L’emergenza legata al Covid-19 ha per il momento bloccato il signing con Pallotta

L’emergenza Coronavirus, che ha messo in subbuglio il campionato di Serie A, colpisce anche la trattativa per il passaggio di proprietà della Roma da James Pallotta a Dan Friedkin. La firma, prevista tra lunedì e martedì, è slittata almeno a domani, ma non si escludono tempi supplementari o addirittura uno stop. La due diligence è conclusa, il motivo è rappresentato dall’emergenza Covid-19 in Italia, che ha fatto alzare l’allerta dell’amministrazione americana a livello 4, oltre a sconsigliare voli da e per la pensisola.

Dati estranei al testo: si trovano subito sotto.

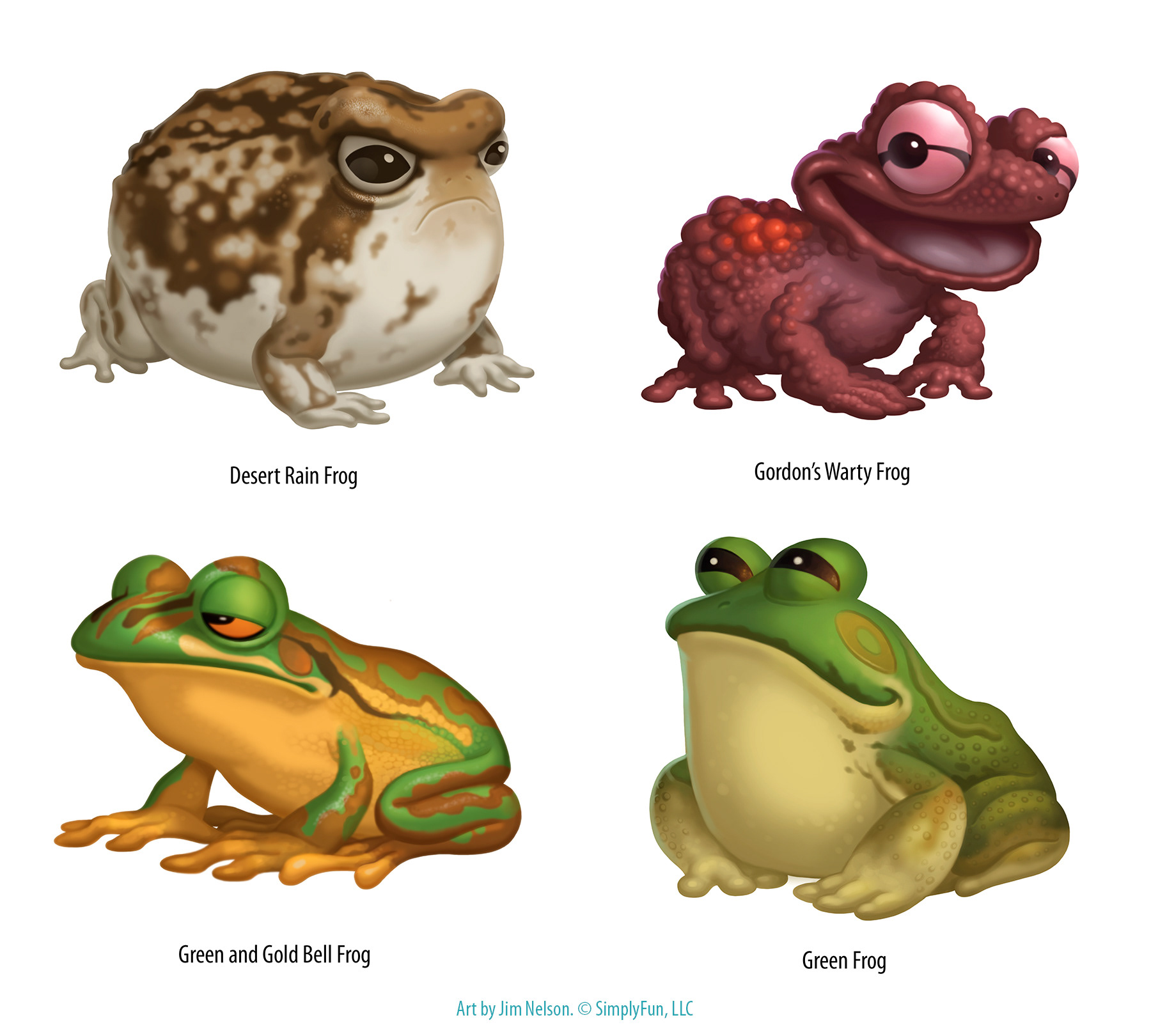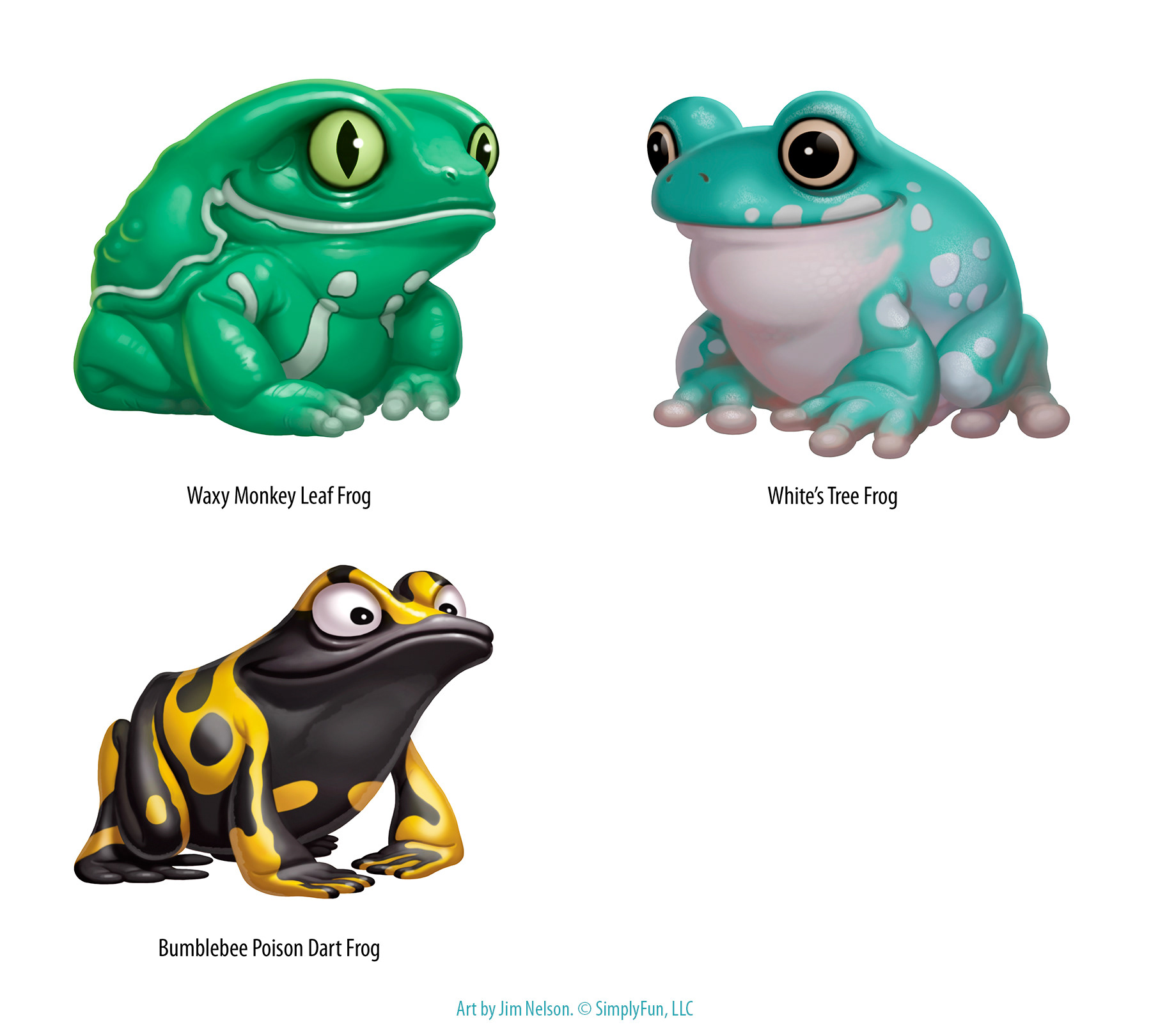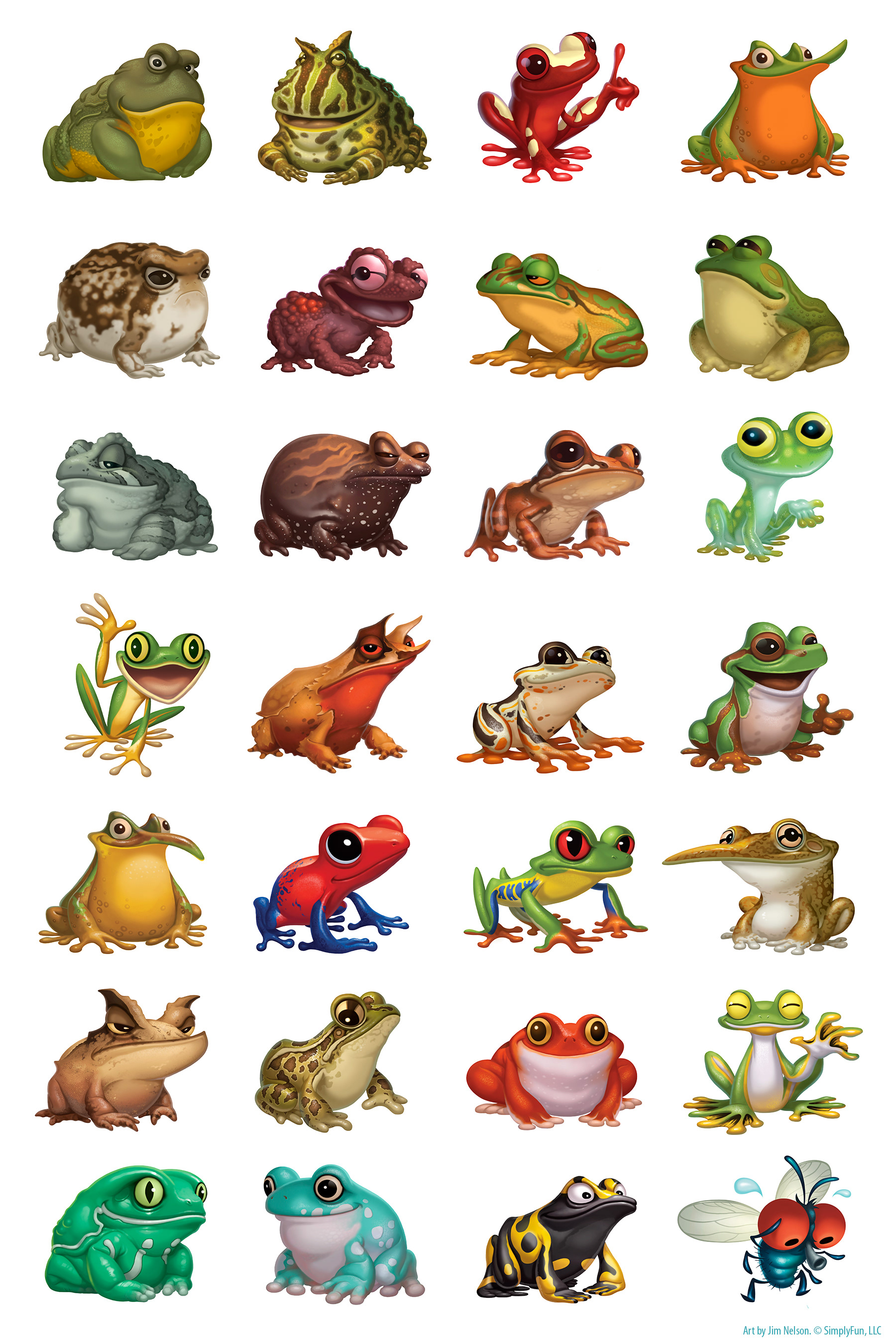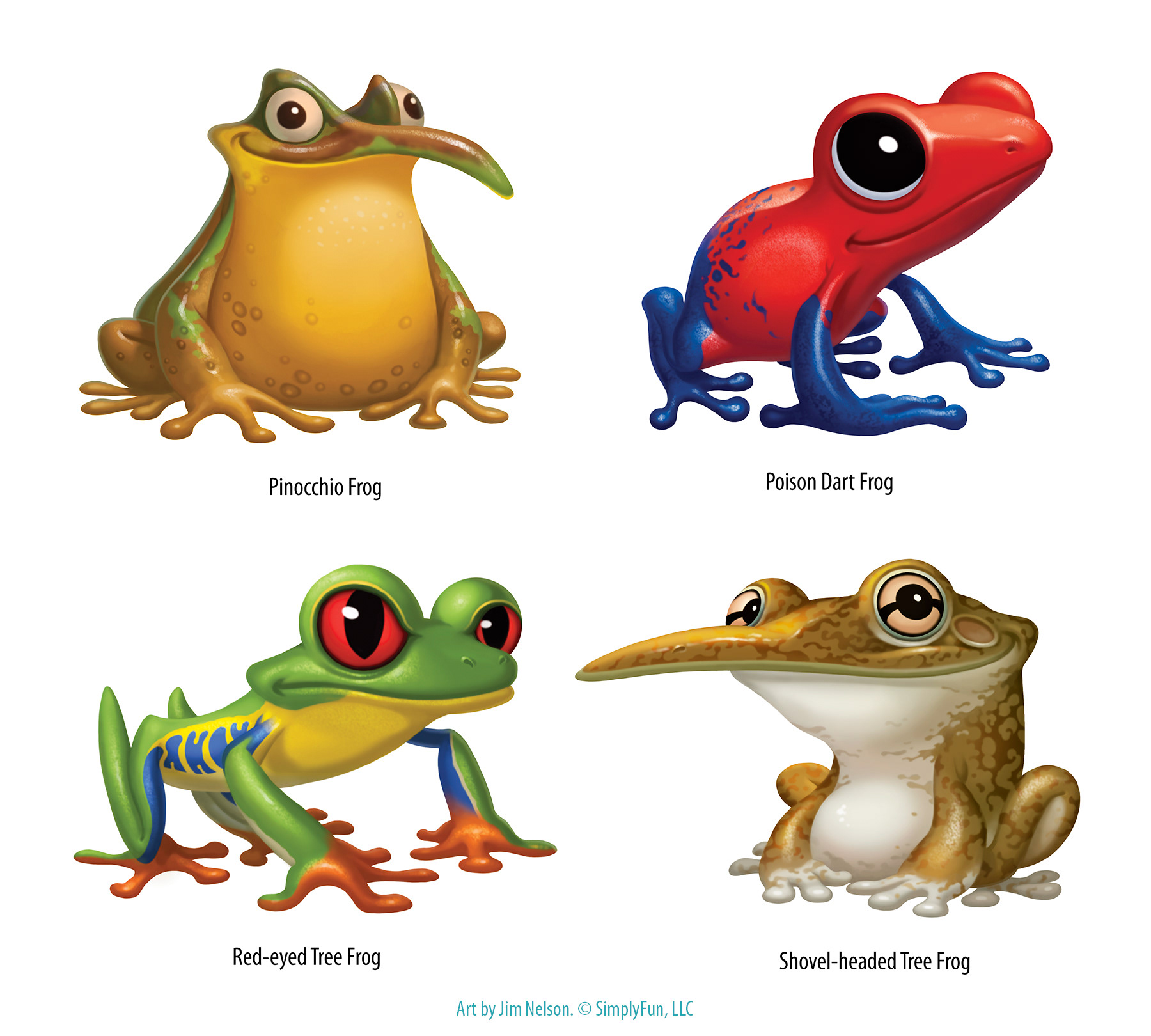 It was a pleasure to work on this project. Each frog character is based on a real species and my goal was to give each character a fun, unique design with the markings and coloration distinctive to the actual species.
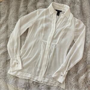 White House Black Market White Sheer Button Down Tunic Blouse
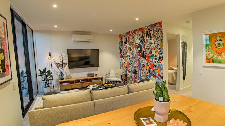 Die Unterkunft Funk in the City - Luxury Laneway Apartment with Single Garage bietet eine heimelige Atmosphäre mit einem Balkon und einer Terrasse. Ein kostenloser Privatparkplatz ist ebenfalls vorhanden.
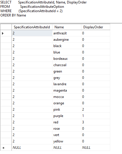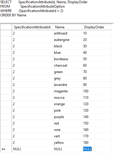 SELECT SpecificationAttributeId, Name, DisplayOrder FROM SpecificationAttributeOption
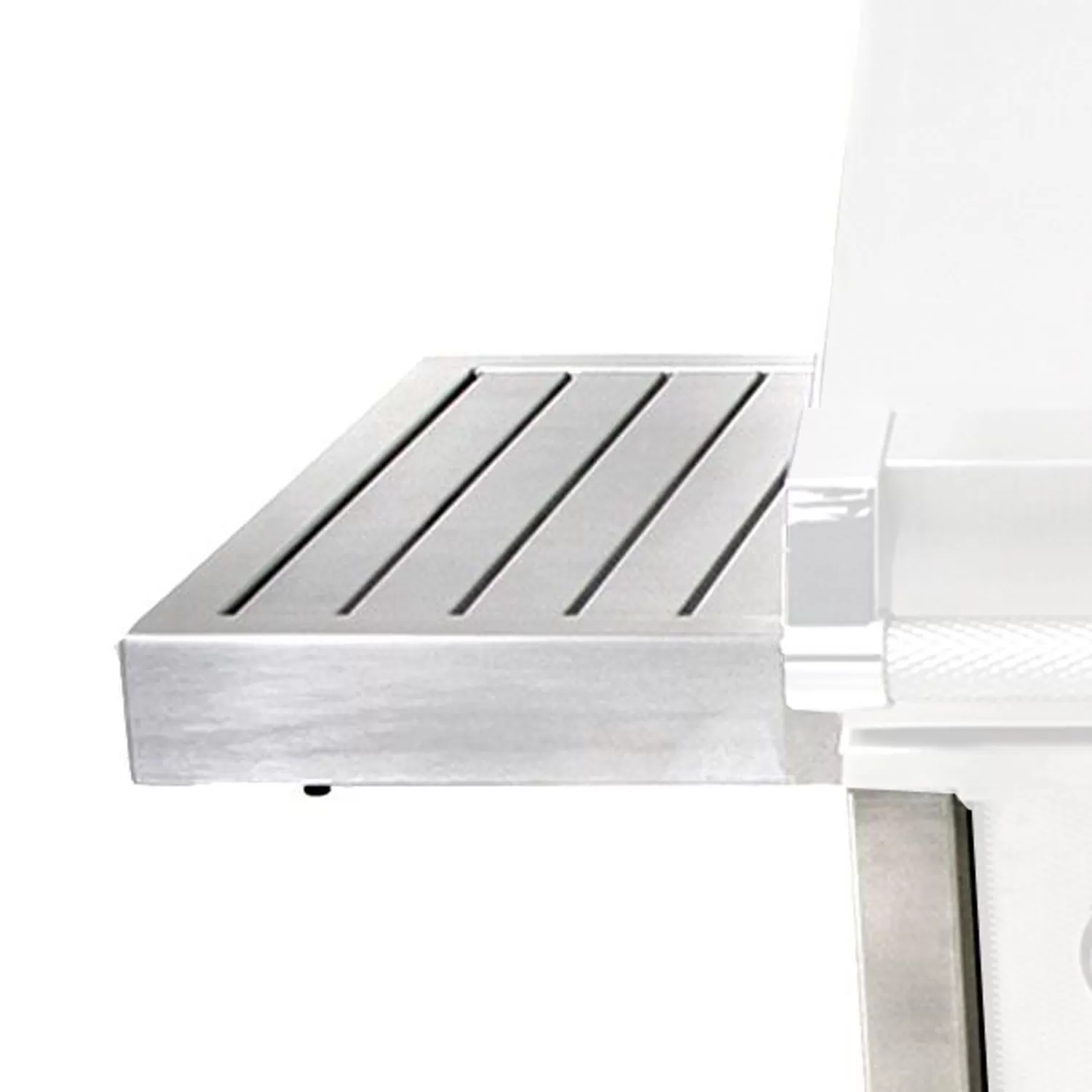 - Includes – Fold down shelves for increased space, slide out LP tank tray or trash storage, Marquise accented stainless steel panels
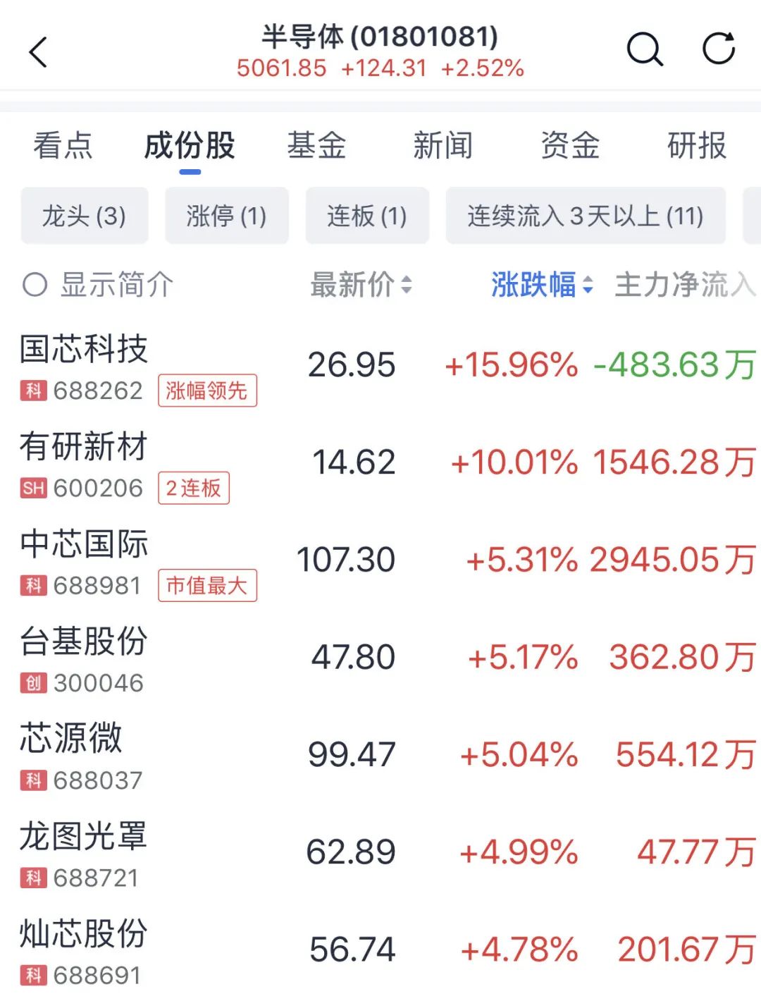 半导体板块亦有不错表现,国芯科技涨近16%,有研新材涨停,中芯国际涨超5%。
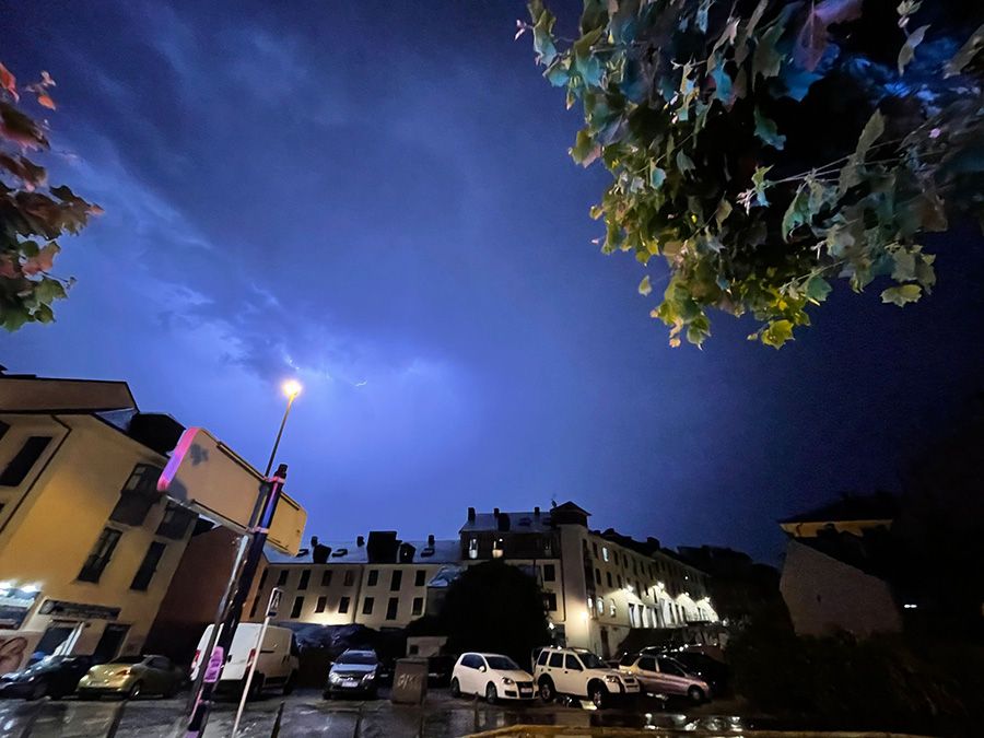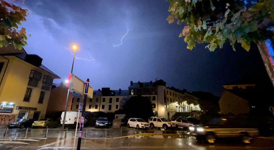 La tormenta explosiva de la noche del domingo iluminó el cielo del Bierzo después de una calurosa jornada. De hecho, la Agencia Estatal de Meteorología (Aemet) amplía el aviso amarillo por el elevado riesgo de que se produzcan tormentas y granizadas en la Comarca hasta el martes.
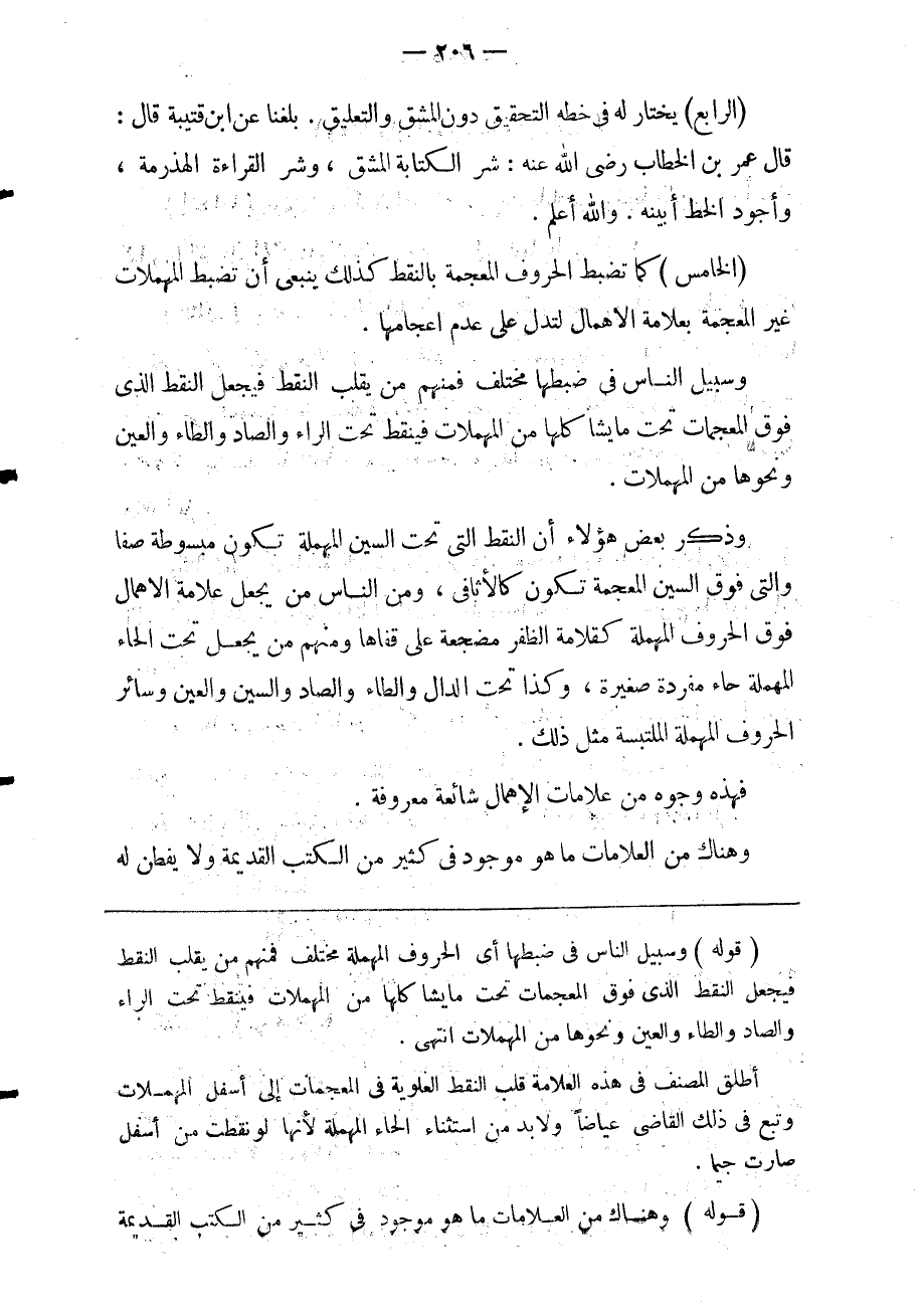 الخامس: كما تضبط الحروف المعجمة بالنقط كذلك ينبغي أن تضبط المهملات غير المعجمة بعلامة إلاهمال لتدل على عدم إعجامها.

Tutto ciò ha bloccato il signing finale tra Pallotta e Friedkin. All’allarme Coronavirus si sono aggiunti anche le difficoltà del titolo AS Roma in borsa, a causa della semestrale in profondo rosso, e la confusione generale sulla regolarità del campionato, dopo il rinvio di Juventus-Inter. Questo episodio, che ha fatto registrare anche un durissimo scontro tra Steven Zhang, presidente dell’Inter e Paolo Dal Pino, presidente della Lega Calcio, con tanto di intervento da paciere del presidente del Coni, Giovanni Malagò, hanno consigliato alla società di Friedkin di mettere in stand by la firma finale del passaggio di controllo della squadra giallorossa.

La tempesta mediatica sull’Italia, dunque, ha consigliato a Friedkin di soprassedere per un momento, anche per pensare, magari, a un ulteriore sconto sui circa 700 milioni di euro per l’acquisto della Roma. L’happy end è incerto. Lo scrive Milano Finanza.